Energies, 2019, vol. 12, issue 24, 1-16

Abstract: In this research, we investigate the connection between an observed enhancement in solid oxide fuel cell stack performance and the evolution of the microstructure of its electrodes. A three dimensional, numerical model is applied to predict the porous ceramic-metal electrode performance on the basis of microstructure morphology. The model features a non-continuous computational domain based on the digital reconstruction obtained using focused ion beam scanning electron microscopy (FIB-SEM) electron nanotomography. The Butler–Volmer equation is used to compute the charge transfer at reaction sites, which are modeled as distinct locally distributed features of the microstructure. Specific material properties are accounted for using interpolated experimental data from the open literature. Mass transport is modeled using the extended Stefan–Maxwell model, which accounts for both the binary, and the Knudsen diffusion phenomena. The simulations are in good agreement with the experimental data, correctly predicting a decrease in total losses for the observed microstructure evolution.

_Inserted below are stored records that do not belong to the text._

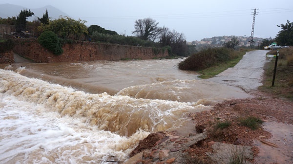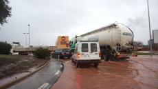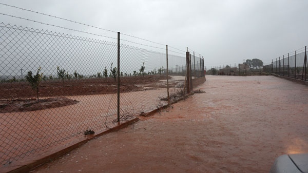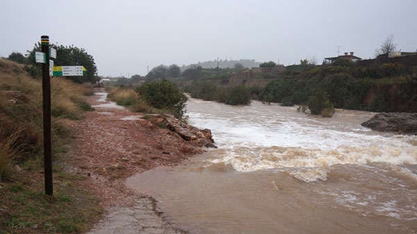 Tránsito complicado en carreteras y caminos de Onda. El temporal ha obligado a la Policía Local a cortar algunos caminos, sobre todo los que cruzan barrancos y ríos, aunque en otras vías rurales también baja un gran caudal de agua. En la CV-20 también se están registrando varios problemas que afectan a la circulación. El río Sonella está creciendo por fuerza.
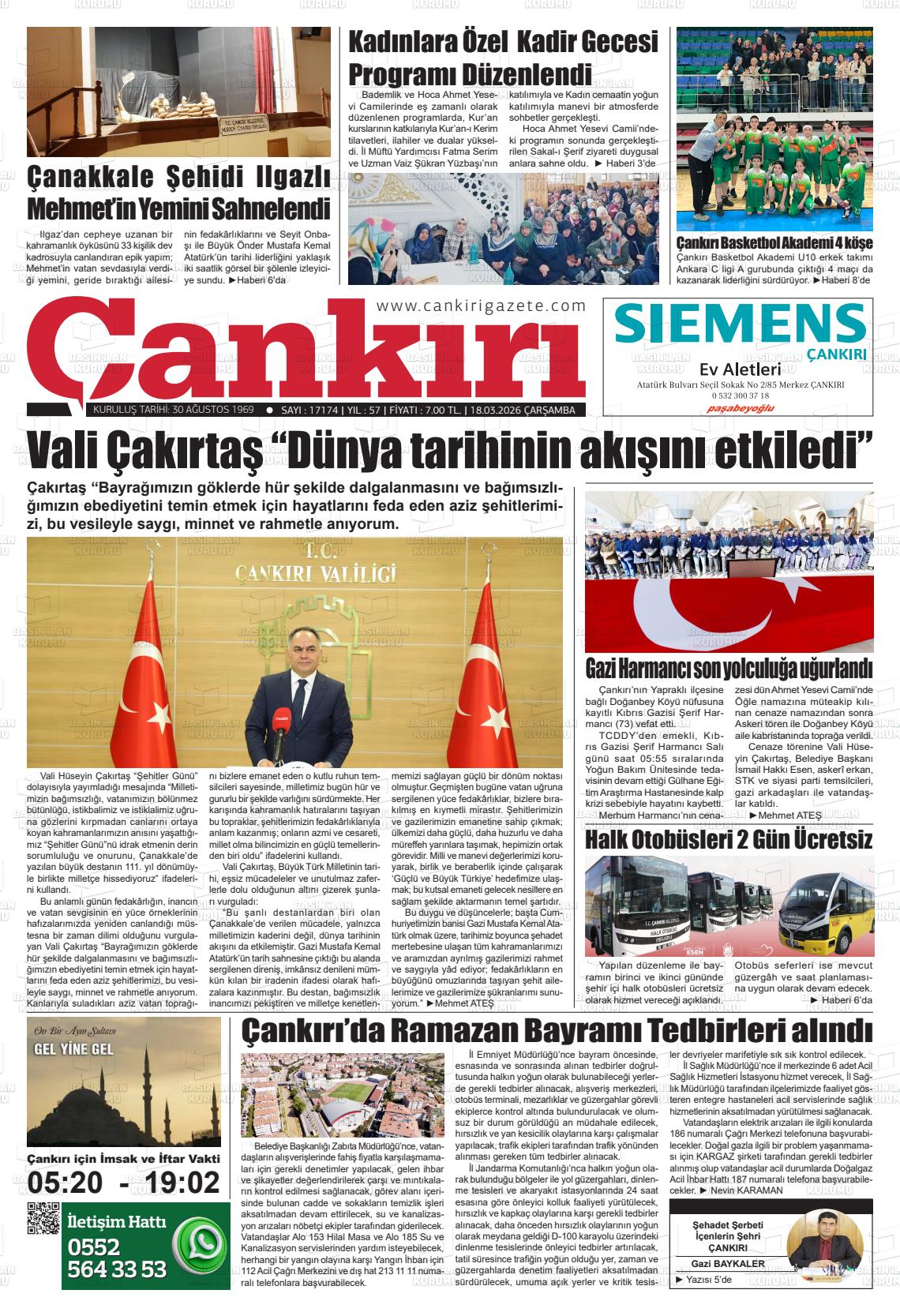 Çankırı Yerel Gazeteleri 14 Mart 2026, Cumartesi Günü Manşeti
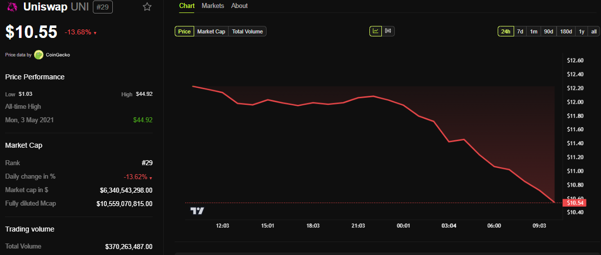 此次升级可能为Uniswap奠定更坚实的基础,有望提振市场信心,进而推高UNI价格。尽管市场预期良好,但BeInCrypto数据显示,Uniswap的UNI代币当前交易价格为10.55美元,自周一开盘以来下跌近14%,显示出市场对此次升级的反应相对平淡。
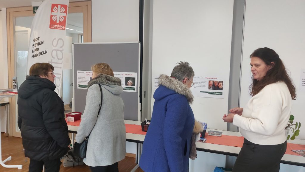 Anschließend gab es im Pfarrzentrum die Möglichkeit zu Begegnung, Austausch und Information. Unsere Mitarbeiterinnen im Fachdienst Gemeindecaritas, Susanne Gessner und Marion Hammer hatten, passend zum Motto, einen Infostand vorbereitet. Mit kleinen Impulsen wurden verschiedene Baustellen des Lebens aufgegriffen, mit einer Bibelstelle in Verbindung gebracht und über dazu passende Angebote und Beratungsdienste des Caritasverbandes für Stadt und Landkreis Schweinfurt informiert.
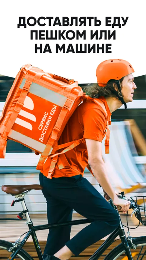Зарегистрируйтесь, чтобы начать доставлять еду. Для начала вам понадобится только ваш смартфон и транспорт (велосипед, автомобиль, скутер или пешком).

The research supports the hypothesis that the performance enhancement was caused by a systematic change in microstructure morphology.

Keywords: solid oxide fuel cells; microstructure; modeling; degradation; enhancement; FIB-SEM (search for similar items in EconPapers)
JEL-codes: Q Q0 Q4 Q40 Q41 Q42 Q43 Q47 Q48 Q49 (search for similar items in EconPapers)
Date: 2019
References: View references in EconPapers View complete reference list from CitEc
Citations: View citations in EconPapers (2)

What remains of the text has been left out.